I did some quick measurement on the Tesla model S cradle so you could verify









Distance B ....Looks like 43.5









Distance A ....Is about 41.75









Distance C ... approx 23.625










Your also have to give some thought about your Rims. The factory rotors and calipers are large and I don't think your going to be able to use a rim smaller they the factory (19").


----------



## joekitch (Sep 13, 2013)

XS_MotorWorks said:


> Your also have to give some thought about your Rims. The factory rotors and calipers are large and I don't think your going to be able to use a rim smaller they the factory (19").


ah, thank you for the measurements
19" wheels are just too damn big for the c3, 18 is already pushing it, the model 3 can do 18s so i guess that's yet another reason to get a 3 subframe over an S


----------



## brian_ (Feb 7, 2017)

joekitch said:


> unfortunately the giant can impacts that crossmember bit, so that'll have to be cut off and a new crossmember welded up
> https://drive.google.com/file/d/1WOz5oaK8srJ2t_ot8tWBb4p5Ygk_Get1/view?usp=sharing
> 
> another benefit of a model 3 subframe setup: the motor's quite a bit smaller


My guess is that crossmember is there primarily for the final drive and leaf spring carrier, so it may not need to be replaced at all.
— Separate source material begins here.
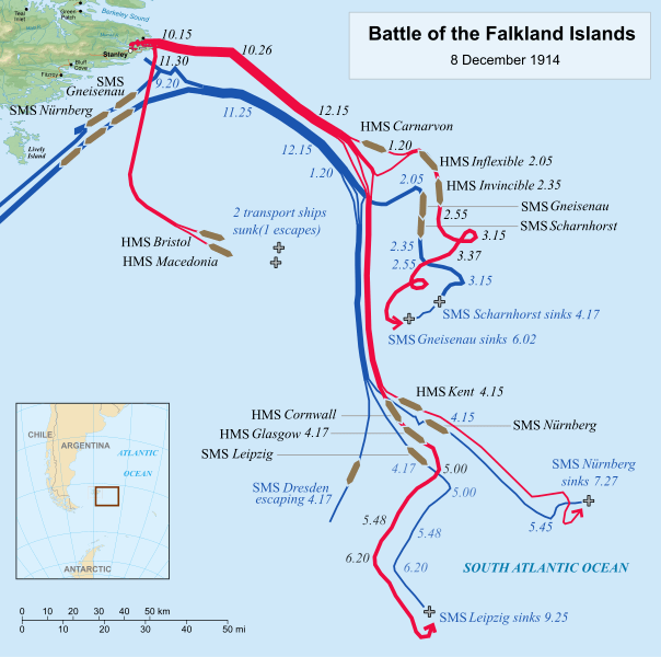 O almirante Graf Maximilian von Spee comandando o esquadrão alemão de dois cruzadores blindados, SMS Scharnhorst e Gneisenau, os cruzadores leves SMS Nürnberg, SMS Dresden e SMS Leipzig, os carvoeiros SS Baden, SS Santa Isabel e o navio-hospital SS Seydlitz tentaram invadir a base de suprimentos britânica em Stanley nas Ilhas Malvinas. O esquadrão britânico composto pelos cruzadores de batalha HMS Invincible e Inflexible, os cruzadores blindados HMS Carnarvon, Cornwall e Kent, o cruzador mercante armado HMS Macedonia e os cruzadores leves HMS Bristol e Glasgow (sobrevivente da Batalha de Coronel) chegaram ao porto no dia anterior.

The other obvious way to address motor bulk is to use the Tesla Model S/X small drive unit. While never used by Tesla as the only motor for a vehicle (it's only in AWD variants), and obviously less powerful than the large drive unit, it might still provide better performance than most stock C3s.

The Model 3 motor isn't just smaller - it's mounted ahead of the axle line, changing what it might run into. The Model 3 subframe is also differently shaped, due to the different suspension.
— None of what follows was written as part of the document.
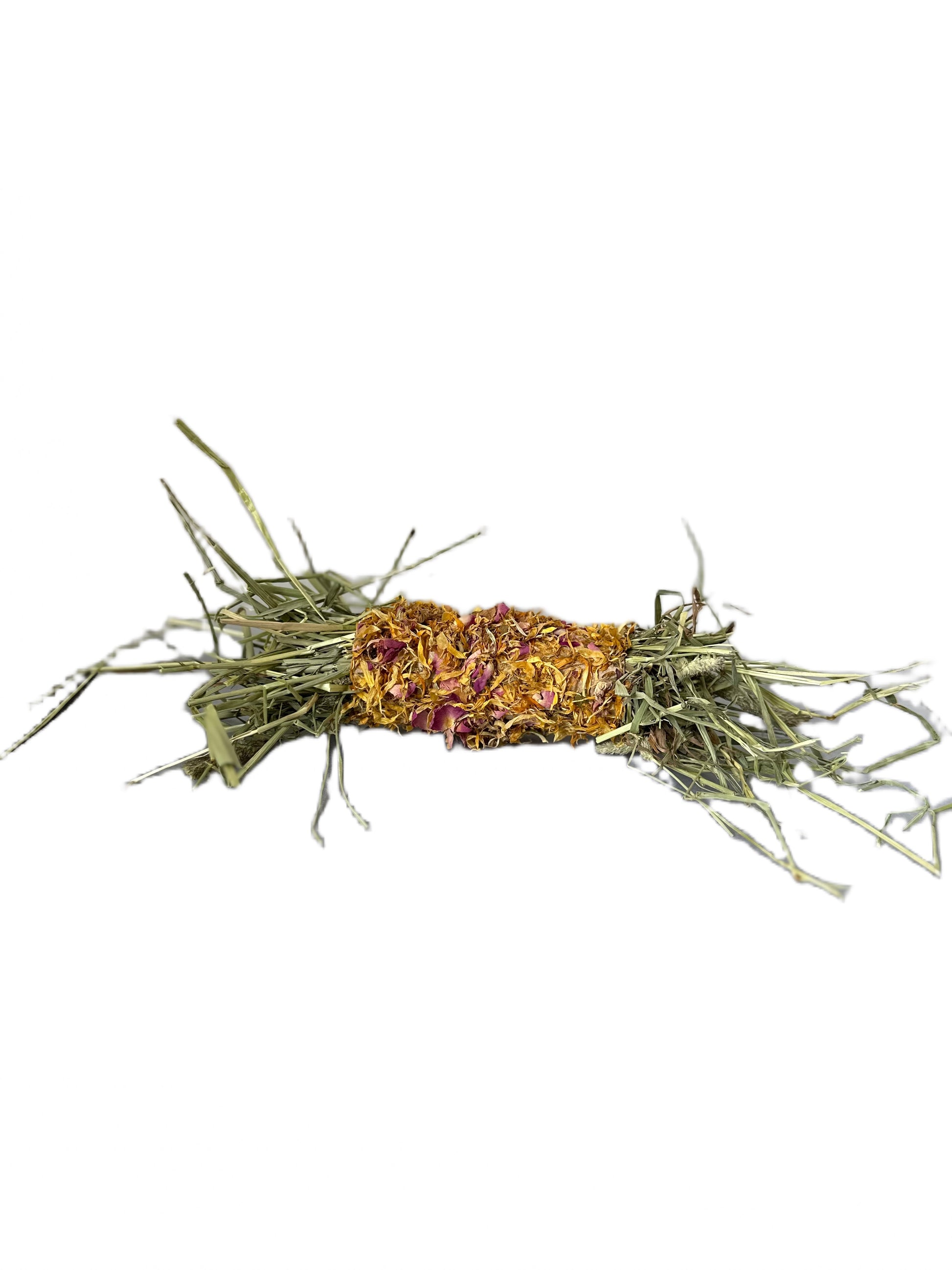 Vackra Blomsterrullen kombinerar timotejhö, papp, rosenblad, ringblomma och banan i en rullande tuggupplevelse. Med fyllning av blomblad inuti lockar den fram både nosande och gnagande beteende. Ca 20cm

I see the name "corvolt" in an image filename. "Volt" made me think of "Bolt" - you could use the 150 kW Chevrolet Bolt motor instead of a Tesla, and not get anywhere near that crossmember.


----------



## joekitch (Sep 13, 2013)

Eh, small drive unit tops out around 300. It's certainly nice, but not enough for a proper american sports car.
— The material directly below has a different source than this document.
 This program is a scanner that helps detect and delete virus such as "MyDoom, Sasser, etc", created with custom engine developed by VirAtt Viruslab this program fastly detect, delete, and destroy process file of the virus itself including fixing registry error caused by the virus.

really wish i could get a 3d scan of a model 3 subframe/motor, but it doesn't seem to be a thing yet :/
the motor being a little forward just means it might intrude into the cabin fiberglass a little, i may need to add a hump into where the cargo area is

CorVolt as in, Volt batteries. CorBolt honestly just sounds odd, also that motor is meh.


----------



## brian_ (Feb 7, 2017)

XS_MotorWorks said:


> Your also have to give some thought about your Rims. The factory rotors and calipers are large and I don't think your going to be able to use a rim smaller they the factory (19").


Good catch. This is a common issue with modern components in older vehicles. The most common solution is to just use the large-diameter wheels, even if they often look strange with the old styling.

Using the smallest wheel size for a given model may require the selection of corresponding brakes.

Overall tire diameter can be an issue, too, but the G70-15 typical of this era of Corvette isn't far off the overall diameter of the tires on a Model S or Model 3 (and is actually taller than the 18" Model 3 tire). Of course tire sizes can be changed, but that affects motor speed for a given road speed.


----------



## brian_ (Feb 7, 2017)

joekitch said:


> Eh, small drive unit tops out around 300. It's certainly nice, but not enough for a proper american sports car.
> ...
> CorVolt as in, Volt batteries. CorBolt honestly just sounds odd, also that motor is meh.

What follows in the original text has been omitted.